Tillage can have a negative impact on crop yield and development. Topsoil loss can inhibit or stop plant growth. Additionally, plants that grow on hills and slopes are more vulnerable to stress and less likely to thrive. Tillage can also alter the soil's structure, increasing its erodibility as well as exposing it further to water erosion. The soil erosion can also impact crop yield and development.
Wind and erosion:
Wind is a powerful force which erodes many materials. This includes the earth and any rock that may be above it, as well as the soil and rocks. Wind can also alter the structure of a rock or layer, by deforming any particles that are still on the surface. Ventifacts have been produced by wind erosion, such as the chalk formations found in Egypt's White Desert.
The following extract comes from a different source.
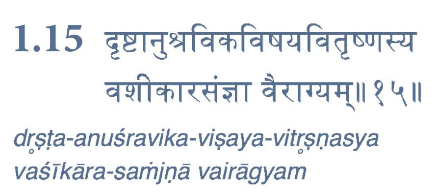 «Йога-Сутрах» Патанджали называет абхьясу (практику) и вайрагью (бесстрастность, отсутствие тяги к объектам удовольствия) двумя необходимыми элементами йоги. В сутре 1.15 он более подробно поясняет, что же значит «бесстрастность».

Wind erosion caused the destruction of millions upon millions of tons of topsoil in America's "Dust Bowls". Many people fled the dust bowls, and some were forced to leave the country to seek refuge in other areas.
The process of erosion is also accelerated by wind. Wind speeds up the erosion of soil and rock by accelerating water. Raindrops are relatively weak when they fall from the sky. However, once they hit the ground, the wind accelerates their momentum and carries large amounts of particles. These natural landforms can be created by the wind, depending on the climate.
The distance the wind blows before a field is damaged determines how quickly it will erode. The distance between the point of prevailing wind and a large field increases quickly. Windbreaks can help reduce soil erosion. Planting your fields well is the best and most reliable way to stop wind erosion. Shrubs and weeds can reduce wind speed and slow down the accumulation of erosive material.